Data excerpts
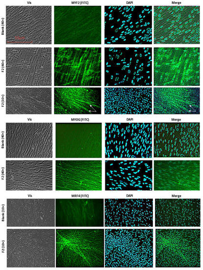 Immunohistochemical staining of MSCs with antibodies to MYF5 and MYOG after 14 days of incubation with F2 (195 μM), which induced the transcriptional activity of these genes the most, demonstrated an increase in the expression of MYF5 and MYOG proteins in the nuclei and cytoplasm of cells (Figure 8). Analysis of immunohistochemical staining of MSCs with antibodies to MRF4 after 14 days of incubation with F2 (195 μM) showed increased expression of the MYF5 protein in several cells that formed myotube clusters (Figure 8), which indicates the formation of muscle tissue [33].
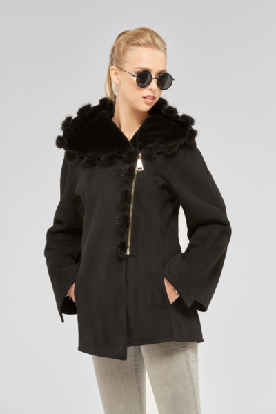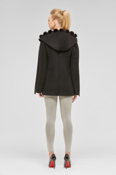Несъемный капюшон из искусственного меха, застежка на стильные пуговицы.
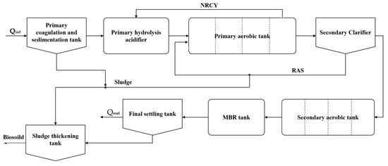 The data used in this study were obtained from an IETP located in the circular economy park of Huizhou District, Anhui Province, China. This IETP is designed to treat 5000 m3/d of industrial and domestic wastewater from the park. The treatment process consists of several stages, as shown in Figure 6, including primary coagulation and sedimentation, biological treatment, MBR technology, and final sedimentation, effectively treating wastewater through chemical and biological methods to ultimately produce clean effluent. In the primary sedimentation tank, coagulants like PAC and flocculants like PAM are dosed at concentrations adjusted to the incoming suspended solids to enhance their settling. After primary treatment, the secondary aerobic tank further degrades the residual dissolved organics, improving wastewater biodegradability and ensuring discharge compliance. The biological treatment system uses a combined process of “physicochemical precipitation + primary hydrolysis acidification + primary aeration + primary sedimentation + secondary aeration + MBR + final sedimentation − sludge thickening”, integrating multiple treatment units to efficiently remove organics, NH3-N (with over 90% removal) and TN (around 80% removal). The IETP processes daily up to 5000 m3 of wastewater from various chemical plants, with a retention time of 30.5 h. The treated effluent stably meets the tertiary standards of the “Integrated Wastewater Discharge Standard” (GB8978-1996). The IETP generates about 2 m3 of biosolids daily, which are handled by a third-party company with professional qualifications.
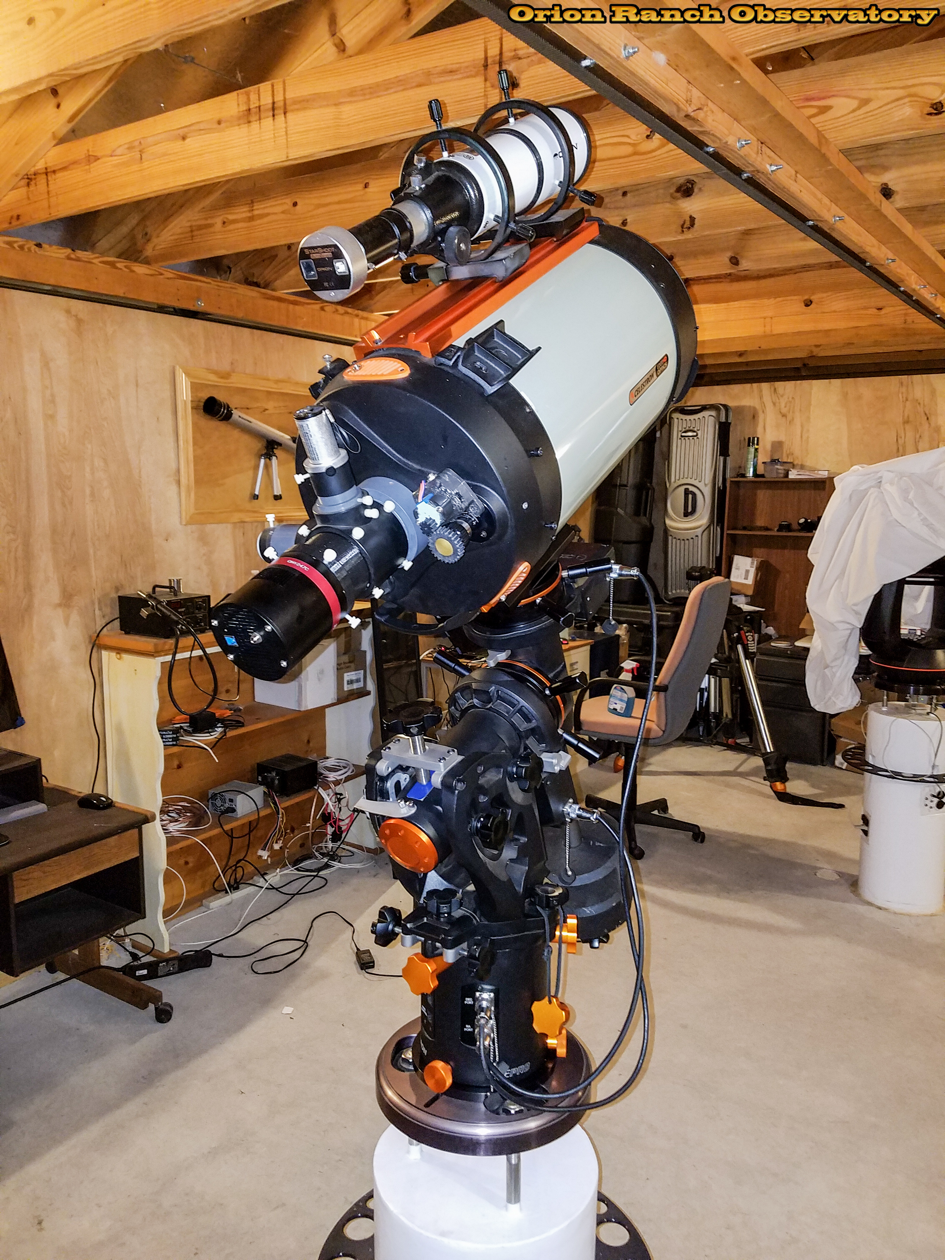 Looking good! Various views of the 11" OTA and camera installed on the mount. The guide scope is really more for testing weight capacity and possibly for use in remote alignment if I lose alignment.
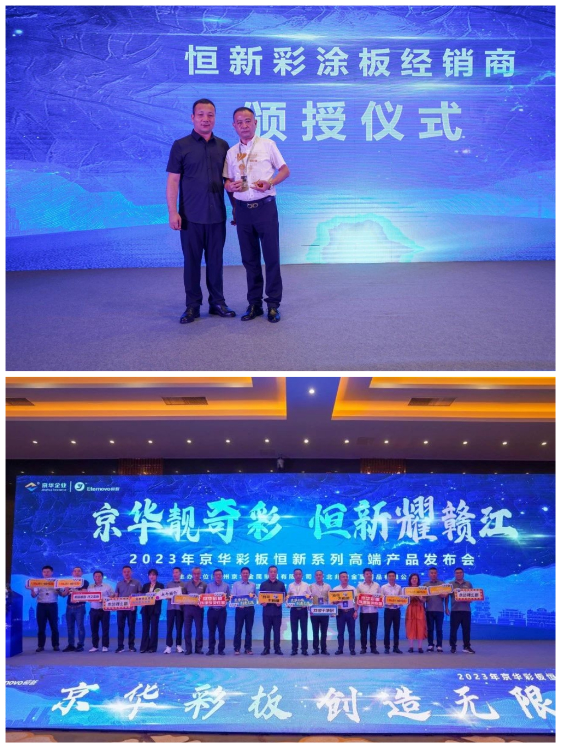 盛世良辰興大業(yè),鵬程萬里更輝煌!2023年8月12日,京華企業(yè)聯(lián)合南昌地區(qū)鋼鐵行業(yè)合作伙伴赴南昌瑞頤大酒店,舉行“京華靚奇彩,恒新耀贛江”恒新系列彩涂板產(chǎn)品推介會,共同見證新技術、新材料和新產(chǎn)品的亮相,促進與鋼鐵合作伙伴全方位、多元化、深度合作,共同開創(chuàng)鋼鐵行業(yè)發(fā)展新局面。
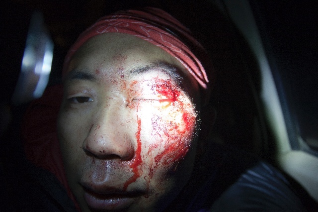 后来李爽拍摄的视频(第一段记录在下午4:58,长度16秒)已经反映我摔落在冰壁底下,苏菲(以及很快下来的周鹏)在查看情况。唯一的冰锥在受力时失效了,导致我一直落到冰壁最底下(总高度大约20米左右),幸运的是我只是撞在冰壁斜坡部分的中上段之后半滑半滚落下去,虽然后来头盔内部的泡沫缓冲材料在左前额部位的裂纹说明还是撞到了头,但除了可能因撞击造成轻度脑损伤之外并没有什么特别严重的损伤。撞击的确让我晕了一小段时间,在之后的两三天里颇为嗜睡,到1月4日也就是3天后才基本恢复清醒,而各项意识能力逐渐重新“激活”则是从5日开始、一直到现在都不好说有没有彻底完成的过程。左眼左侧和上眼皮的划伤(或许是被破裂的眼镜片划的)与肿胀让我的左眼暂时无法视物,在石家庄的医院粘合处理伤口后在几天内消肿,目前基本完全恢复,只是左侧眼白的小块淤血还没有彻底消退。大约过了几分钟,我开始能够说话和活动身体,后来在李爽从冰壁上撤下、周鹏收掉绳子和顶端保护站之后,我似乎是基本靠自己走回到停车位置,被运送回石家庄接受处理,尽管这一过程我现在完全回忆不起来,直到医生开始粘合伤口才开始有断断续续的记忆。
---
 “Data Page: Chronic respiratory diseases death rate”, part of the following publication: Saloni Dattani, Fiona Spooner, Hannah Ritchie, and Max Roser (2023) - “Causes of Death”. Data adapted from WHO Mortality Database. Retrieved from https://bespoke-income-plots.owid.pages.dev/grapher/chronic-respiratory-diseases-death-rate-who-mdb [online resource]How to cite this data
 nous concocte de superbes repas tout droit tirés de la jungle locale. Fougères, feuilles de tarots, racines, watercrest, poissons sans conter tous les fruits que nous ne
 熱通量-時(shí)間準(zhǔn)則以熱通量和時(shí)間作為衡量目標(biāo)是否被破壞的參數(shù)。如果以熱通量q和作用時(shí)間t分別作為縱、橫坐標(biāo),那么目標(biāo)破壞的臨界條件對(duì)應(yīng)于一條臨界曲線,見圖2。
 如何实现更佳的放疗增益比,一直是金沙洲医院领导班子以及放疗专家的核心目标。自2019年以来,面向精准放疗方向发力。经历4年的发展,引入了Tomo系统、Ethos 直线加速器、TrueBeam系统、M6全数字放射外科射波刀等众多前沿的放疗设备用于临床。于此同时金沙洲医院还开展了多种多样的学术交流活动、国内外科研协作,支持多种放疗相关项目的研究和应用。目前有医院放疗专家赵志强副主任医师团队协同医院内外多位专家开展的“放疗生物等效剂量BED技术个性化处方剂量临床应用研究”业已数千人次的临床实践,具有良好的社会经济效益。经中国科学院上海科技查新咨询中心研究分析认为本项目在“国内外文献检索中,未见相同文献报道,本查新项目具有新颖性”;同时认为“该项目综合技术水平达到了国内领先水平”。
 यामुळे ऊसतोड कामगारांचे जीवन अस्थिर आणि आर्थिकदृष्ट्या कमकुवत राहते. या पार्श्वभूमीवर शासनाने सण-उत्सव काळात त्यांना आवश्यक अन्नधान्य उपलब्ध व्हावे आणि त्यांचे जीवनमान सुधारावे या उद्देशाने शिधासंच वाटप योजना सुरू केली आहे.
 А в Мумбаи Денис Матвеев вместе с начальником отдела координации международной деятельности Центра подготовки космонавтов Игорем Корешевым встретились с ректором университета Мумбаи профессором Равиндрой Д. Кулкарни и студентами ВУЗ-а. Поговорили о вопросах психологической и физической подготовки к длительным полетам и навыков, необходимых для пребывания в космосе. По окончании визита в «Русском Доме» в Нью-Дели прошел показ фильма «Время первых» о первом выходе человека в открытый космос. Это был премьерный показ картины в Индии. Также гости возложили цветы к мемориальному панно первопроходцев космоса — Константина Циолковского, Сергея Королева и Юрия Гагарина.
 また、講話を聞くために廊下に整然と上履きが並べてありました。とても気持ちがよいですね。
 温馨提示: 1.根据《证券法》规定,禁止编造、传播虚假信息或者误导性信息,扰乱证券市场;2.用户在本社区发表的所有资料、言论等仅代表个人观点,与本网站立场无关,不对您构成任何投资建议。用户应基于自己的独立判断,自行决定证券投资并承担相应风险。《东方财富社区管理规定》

[What the task asks]
Exactly as written above, retype the lines starting at the one holding "Immunohistochemical staining of MSCs with antibodies to MYF5" and ending at the one holding "Несъемный капюшон из", both included, but not the pictures.

[Exercise output]
 Immunohistochemical staining of MSCs with antibodies to MYF5 and MYOG after 14 days of incubation with F2 (195 μM), which induced the transcriptional activity of these genes the most, demonstrated an increase in the expression of MYF5 and MYOG proteins in the nuclei and cytoplasm of cells (Figure 8). Analysis of immunohistochemical staining of MSCs with antibodies to MRF4 after 14 days of incubation with F2 (195 μM) showed increased expression of the MYF5 protein in several cells that formed myotube clusters (Figure 8), which indicates the formation of muscle tissue [33].
Несъемный капюшон из искусственного меха, застежка на стильные пуговицы.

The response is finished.